I'm from Los Angeles, California and just found out you can keep praying mantis very easily! WOW!

I have caught them in my back yards before and play with them for a day and then let them go again. Very fun little creatures! When I found out you can buy exotic mantis for pets I went ahead and ordered some.

The first time I saw one I tipped over on my three wheel motorcycle (ATC?) and it landed on my leg with the hot motor burning me. I didn't even notice the pain from the crash though because my face fell flat on the ground looking eye to eye with a little green mantis.
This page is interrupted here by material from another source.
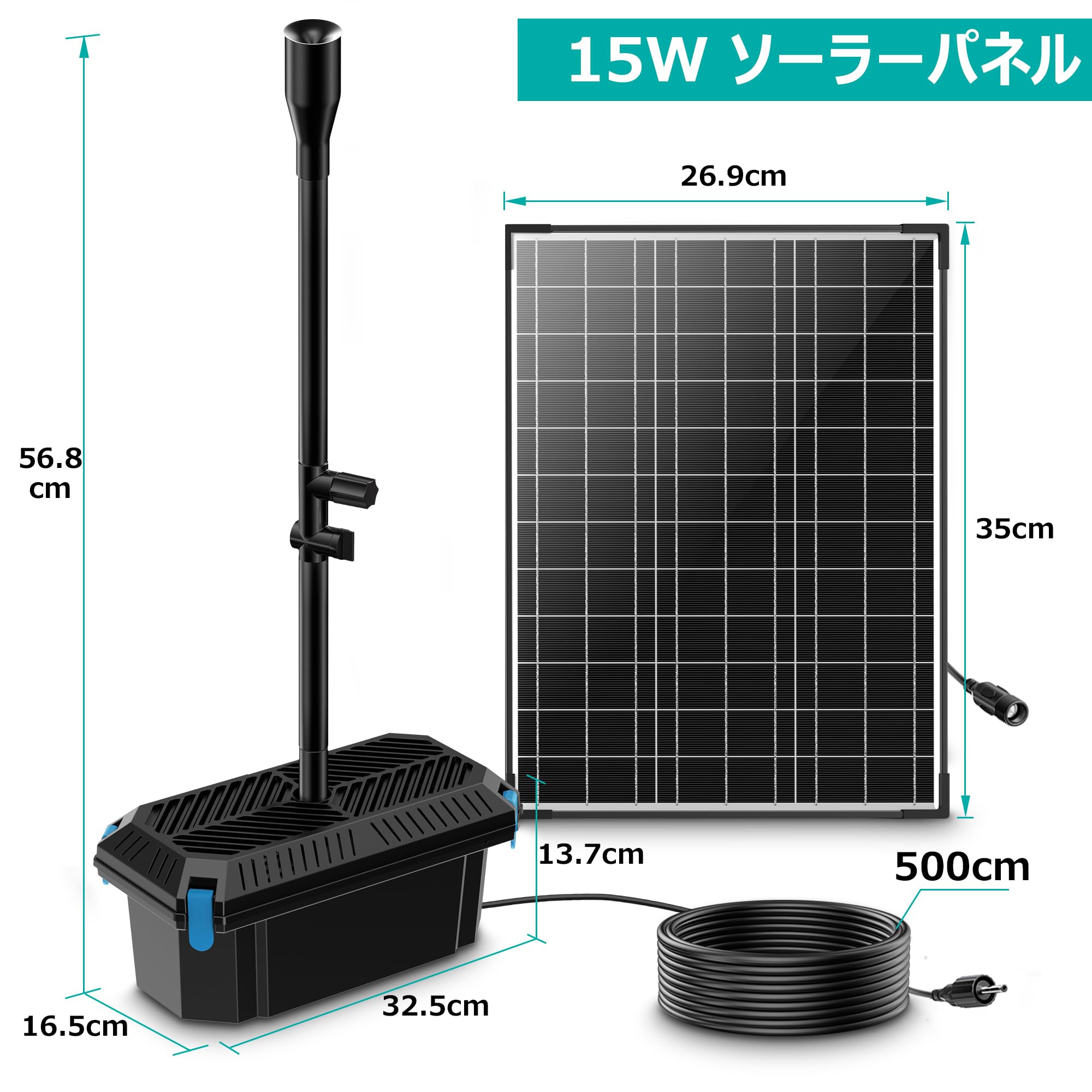 【ソーラー充電】大きな15Wソーラーパネル付きで配線不要です。屋外で水の循環に最適です。フィルターボックスは水中の細かいゴミを濾過され、ポンプキットの定期メンテナンス時間を3?5倍延長することができます。

I grabbed him, picked myself and my atc up and played with him the rest of the day. That was many years ago now.

I also keep chameleons and dart frogs and have a sweet mini carnivorous plant terrarium. It looks like I may have found the right place. Hehe.

I found this forum after someone on a chameleon forum posted pictures of their ghost mantis, then I searched them up and found they were for sale and had to find out more.

Can't wait to receive some mantids and check them out! It has been years since I have played with one last.

Oh well, enough ranting. Here I am.  Learning lots here already, Thank you!

-Casey


----------



## more_rayne (Jul 6, 2010)

Welcome fellow socal-er.


----------



## ismart (Jul 6, 2010)

Welcome to the forum!


----------



## lancaster1313 (Jul 6, 2010)

Welcome!


----------



## LauraMG (Jul 6, 2010)

Welcome from and Okie!


----------



## Rick (Jul 7, 2010)

Welcome


----------



## hibiscusmile (Jul 7, 2010)

Hi Casey, glad to see u joined! A georgia peach growing in OHIO!


----------



## Mr.Mantid (Jul 7, 2010)

Welcome from Wisconsin!


----------



## revmdn (Jul 7, 2010)

Welcome.


----------